Why isn’t this already working for brands?
Brand Community (Journal of Consumer Research, March 2001), Profs Al Muniz and Thomas C. O'Guinn
Instead of taking that energy and supporting it, growing it and serving it, most marketing campaigns (on- or off-line) ignore, dilute, or at worst, try to divert or block that energy. They create entropy.
How to understand tribal meaning
First of all, look around at the tribal activity, the shared meaning that are all around you. Understand that this energy is a resource into which you can plug your brand, to light it up like a huge Xmas tree, to supercharge it in fact.

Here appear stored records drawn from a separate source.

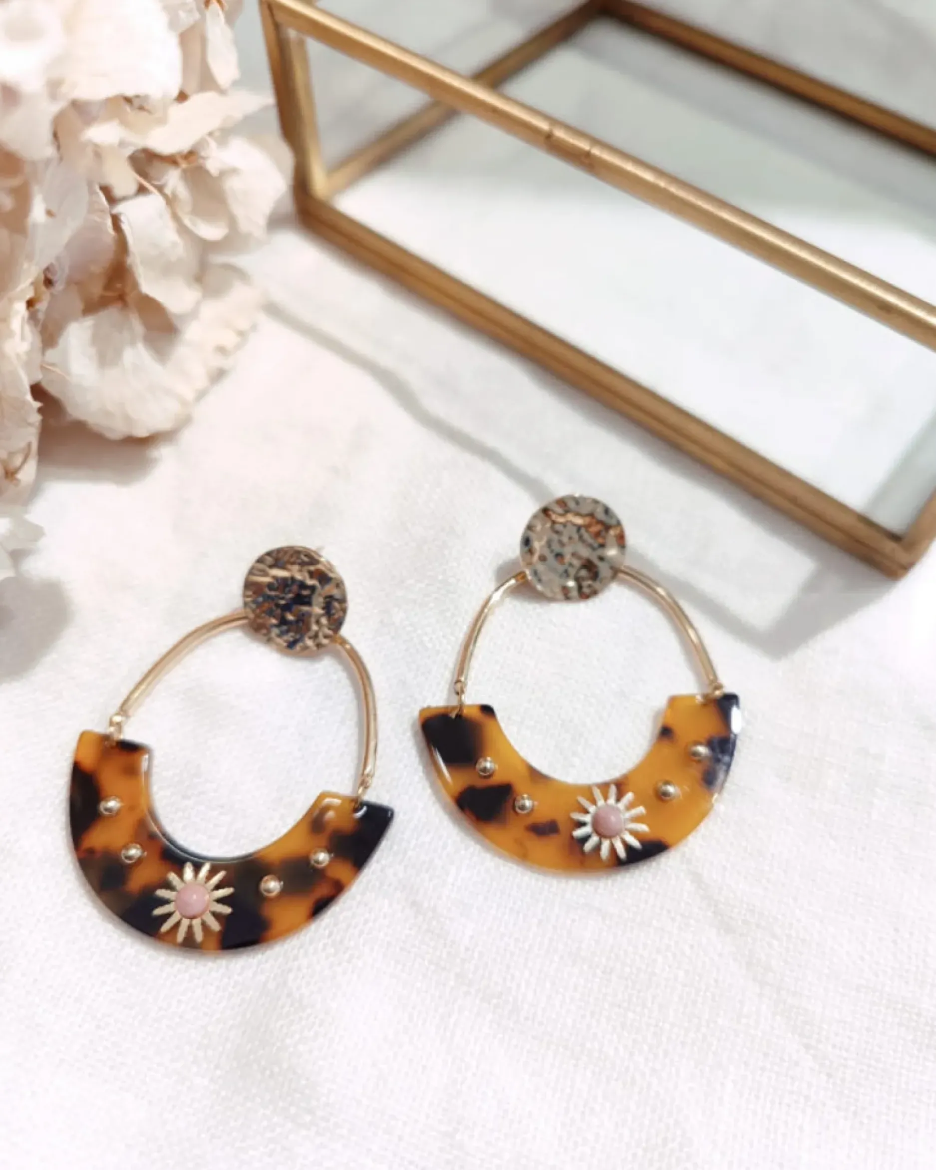 Ces boucles d’oreilles en résine léopard et acier inoxydable doré sont une alliance parfaite d’élégance et d’originalité. Les détails en résine léopard apportent une touche sauvage, tandis que les accents dorés ajoutent une finition lumineuse et sophistiquée. Leur conception légère garantit un confort optimal tout au long de la journée.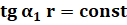 по закону гиперболического возрастания к корню тангенса угла потока в осевом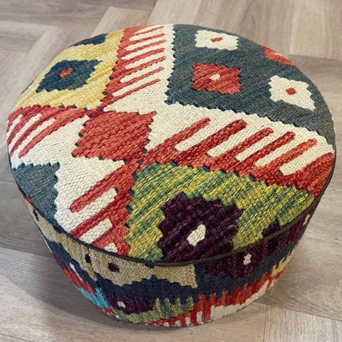 Kelim poef - håndvævet kelim - (ubrugt) - ny - uld - farverig kelim - ny - ub...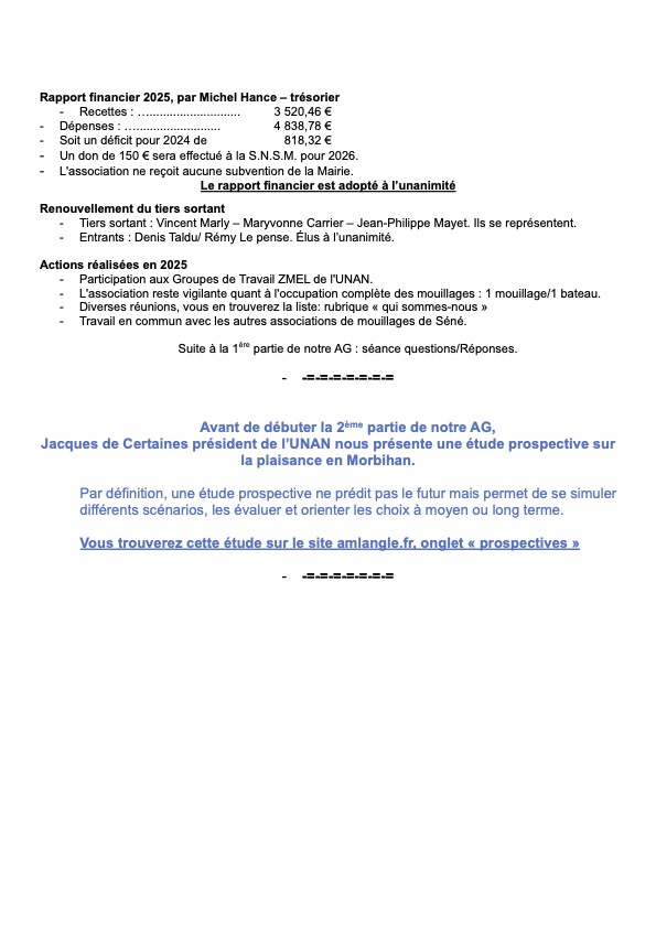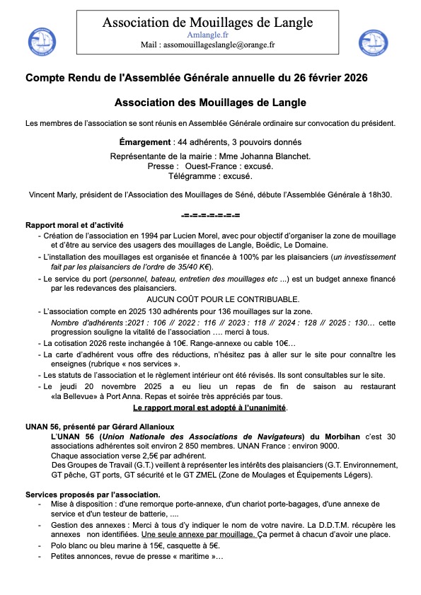 29/03/25 AG Association des Mouillages de Langle.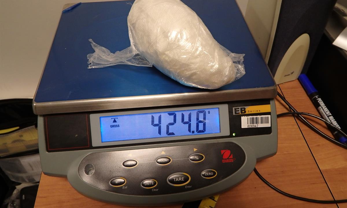 Celková hmotnost drogy byla 424,8 gramů, přičemž odborným zkoumáním byla potvrzena koncentrace ve výši 49,4% kokainu base.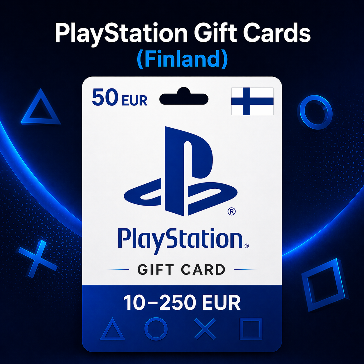 Подарочную карту PlayStation Finland номиналом от 10 до 250 EUR — выберите нужную сумму при покупке.

Recognise that, far from needing to be created, this energy is already there. And it’s boundless. (And by the way, you do want it inside your tent, rather than outside …)
Think of enhancement, where before there was dilution. Think of less talking and more listening.

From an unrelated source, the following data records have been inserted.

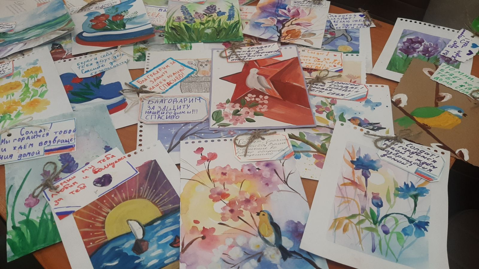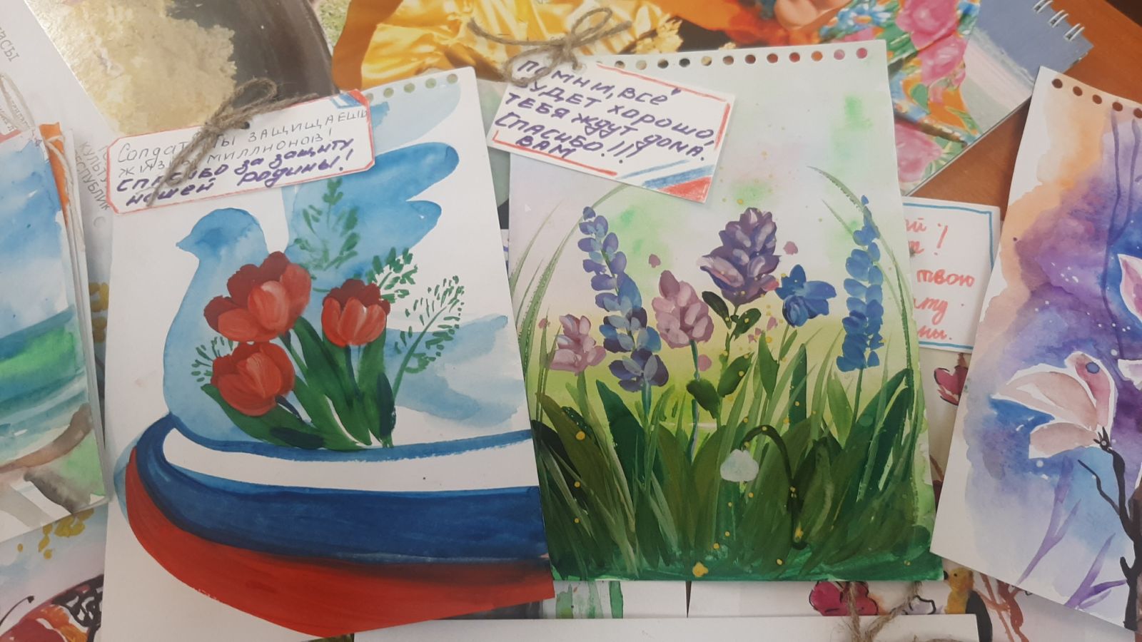 Учащиеся объединения "Юный художник" (рук. Мухаметзянова С.Р.) провели патриотическую акцию «Письмо солдату». Каждый учащийся нарисовал свой рисунок с атмосферой весны со словами поддержки и пожеланиями крепкого здоровья и скорейшего возвращения домой солдатам, которые сегодня участвуют в СВО.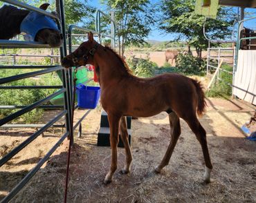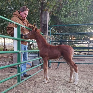 To Sara and Byron Light on their 2025 foal by Indubitably and out of Foxton Goldessa. They have named him Audaciaz Starman. "Ziggy" is a National Morgan Reining Horse Sire/Dam foal and is Derby eligible.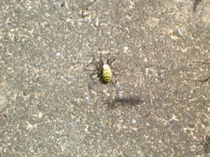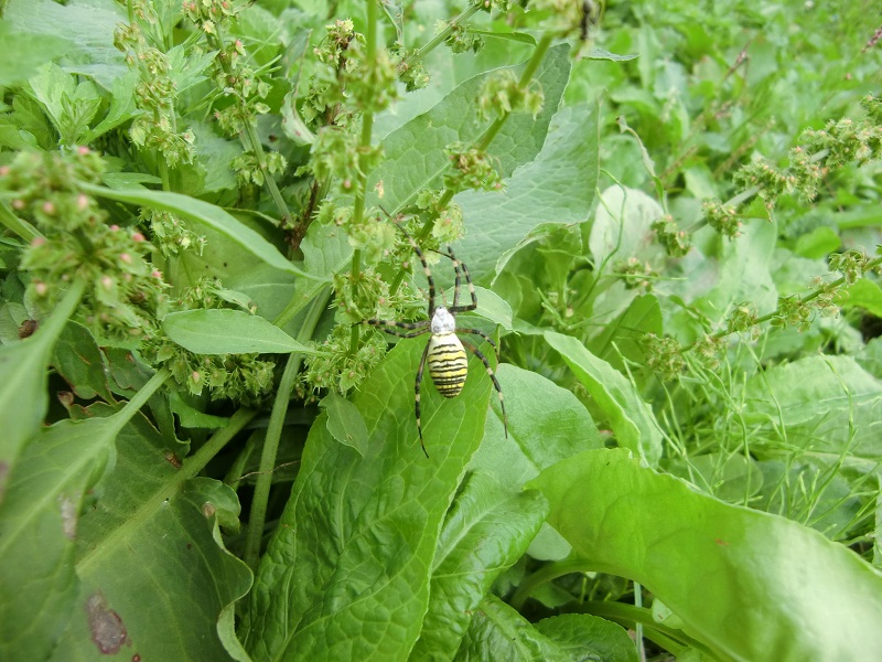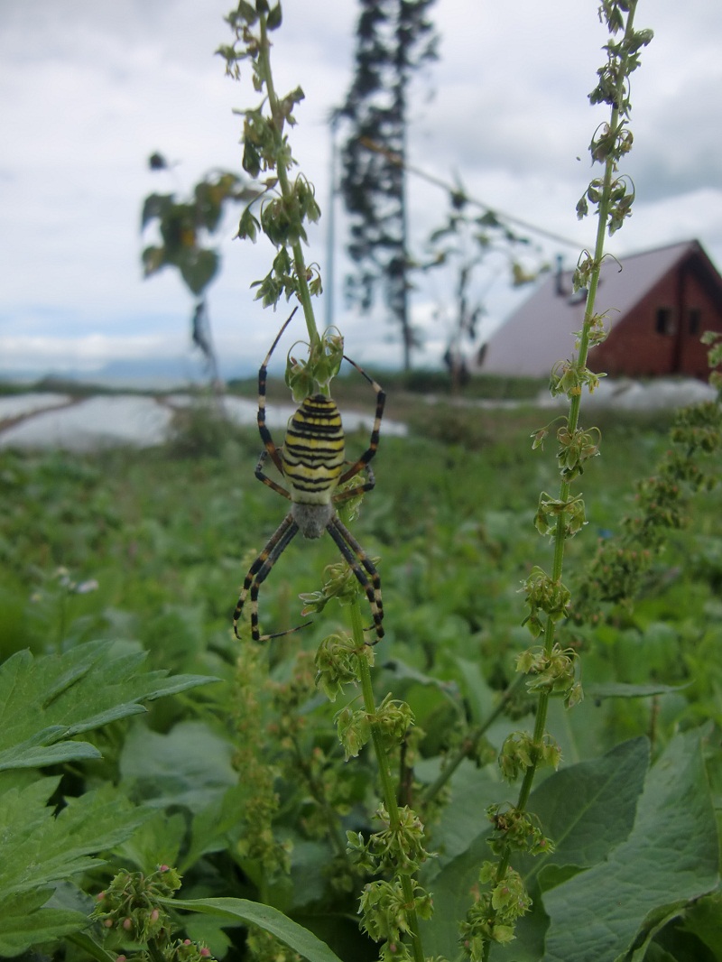 ナガコガネグモは、またまた慌てふためいて草むらの中で落ち着く先を探し歩きました。。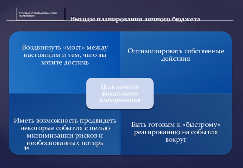 Слайд 14Выгоды планирования личного бюджета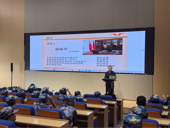 在大家对专业有了初步了解后,北京华航航空服务有限公司开元集团网站教学主任李新娇老师紧接着带来了精彩分享。李主任以 “职业规划” 为核心,结合航空行业的实际需求,为新生们讲解了如何在大学期间做好职业准备,如何将专业学习与行业实践紧密结合。更令人期待的是,李主任还邀请了拥有丰富一线工作经验的专业教师来到现场,通过现场讲解与演示,让新生们直观地感受到了空乘岗位的工作内容与专业要求。也让新生们深刻体会到 “纸上得来终觉浅,绝知此事要躬行” 的道理,为今后的实践学习奠定了良好基础。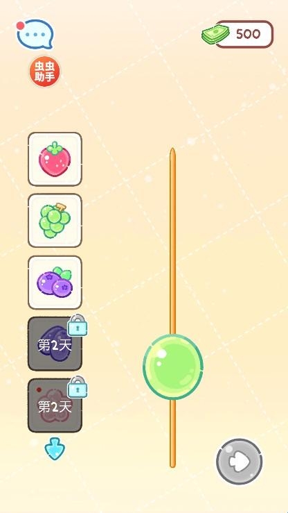 2、选择喜欢的水果放入到签子上方然后滑下去。

Listening to passionate people connecting with each other, ramping up the energy all the time. Think of enabling this process rather than distracting from it. And think of, sometimes, adding value by just getting out of the bloody way.
eBay and Friends Reunited
Both of these poster girls for online success are businesses that have made a success of enabling, or facilitating communities, each of which were, prior to activation, very powerful latent communities that only needed the addition of infrastructure, communications and protocols to come to life and grow exponentially.

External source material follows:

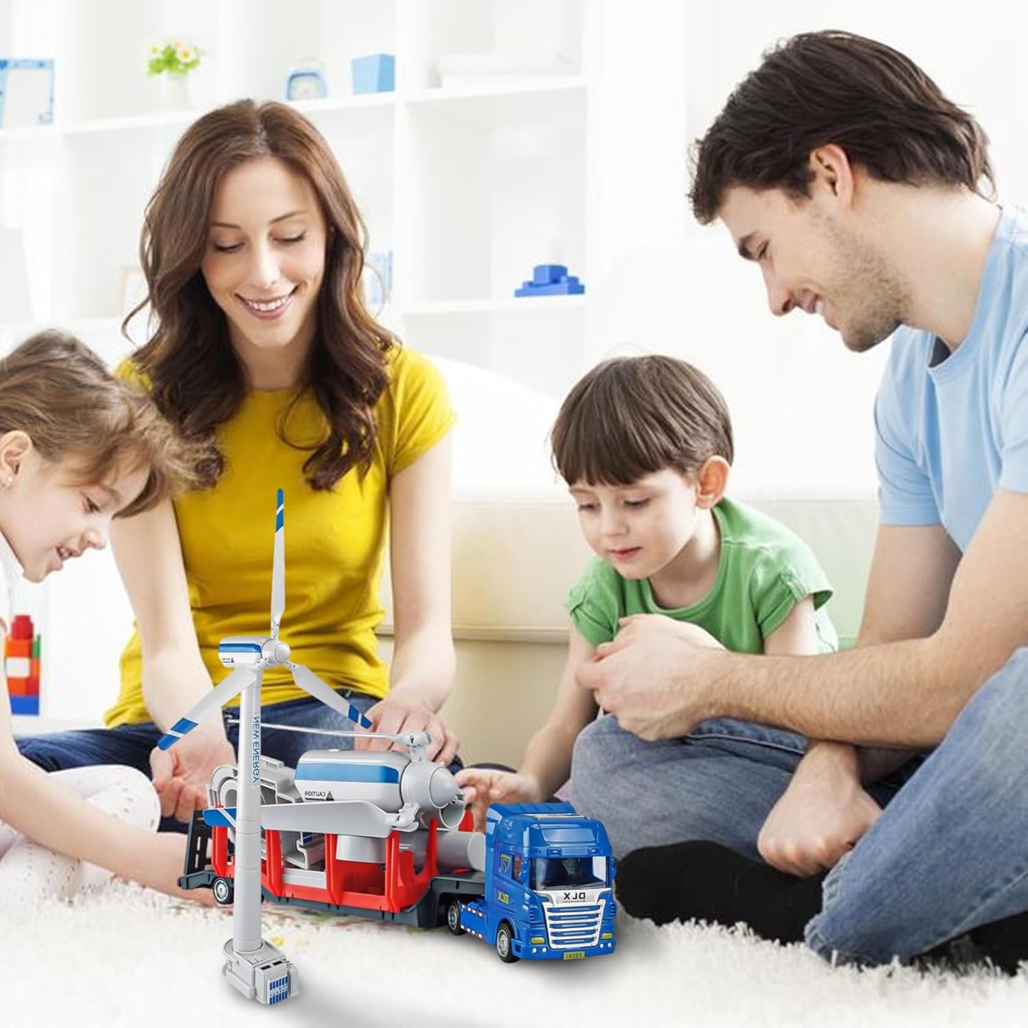 Meccanismo inerziale Push and Go: il camion muove da solo dopo una semplice spinta, suscitando eccitazione e promuovendo l'attività fisica. Pale girevoli della turbina eolica: il modello della turbina eolica è dotato di pale della ventola che ruotano liberamente, introducendo i bambini ai concetti meccanici di base attraverso il divertimento interattivo. Design multifunzionale 2 in 1: contiene un camion con rimorchio a pianale sterzante e un modello di generatore eolico assemblabile, che offre modalità di gioco sia di guida che di costruzione. Valore di apprendimento educativo: combina ingegneria, assemblaggio e gioco di movimento per sviluppare la coordinazione occhio-mano, capacità di risoluzione dei problemi e interesse precoce per i concetti di energia rinnovabile. Materiali sicuri e robusti: realizzati in plastica priva di BPA con bordi arrotondati per garantire la completa sicurezza dei bambini pur resistendo ai giochi difficili.

Another way of looking at it ... who has in fact grown eBay and FR? Is it Meg Whitman or the Pankhursts?
Not at all...it's the communities that they've enabled, and the connections, the shared meaning produced by those communities. These two visionary success stories have simply ridden the wave they spotted coming into shore, earlier and faster than the competition.
Isn’t this just another form of sponsorship?
That’s the one thing it isn’t. Why? Meaning needs careful nurturing, otherwise it drains away, just like vitamin C. This is an active, non-interruptive nurturing role. Not a parasitic one.
Think beehive …
Think about this little metaphor for a while. When you’ve finished, you’ll understand precisely how brands need to align with tribes.
Why do bees matter here?
1) Because we like honey, we don’t know how to make it, and we can only get it from bees
2) Because when bees get pissed off, they sting: this can also happen in bee teams, if you manage to piss off the whole hive.
3) Because we realise that bees can and do communicate very effectively among themselves, but we don’t yet know how to join in.
How do we need to behave then?
4) To get honey, we can only broadly influence bee-haviour, mostly by enabling the beehive and doing it on the bees’ own terms, using our very limited understanding of what makes bees happy.
5) Most important of all, when bees go about bee business, they carry bee-type messages to and from the hive ...
6) ... and this is the behaviour brands want to learn to influence, within and between tribes.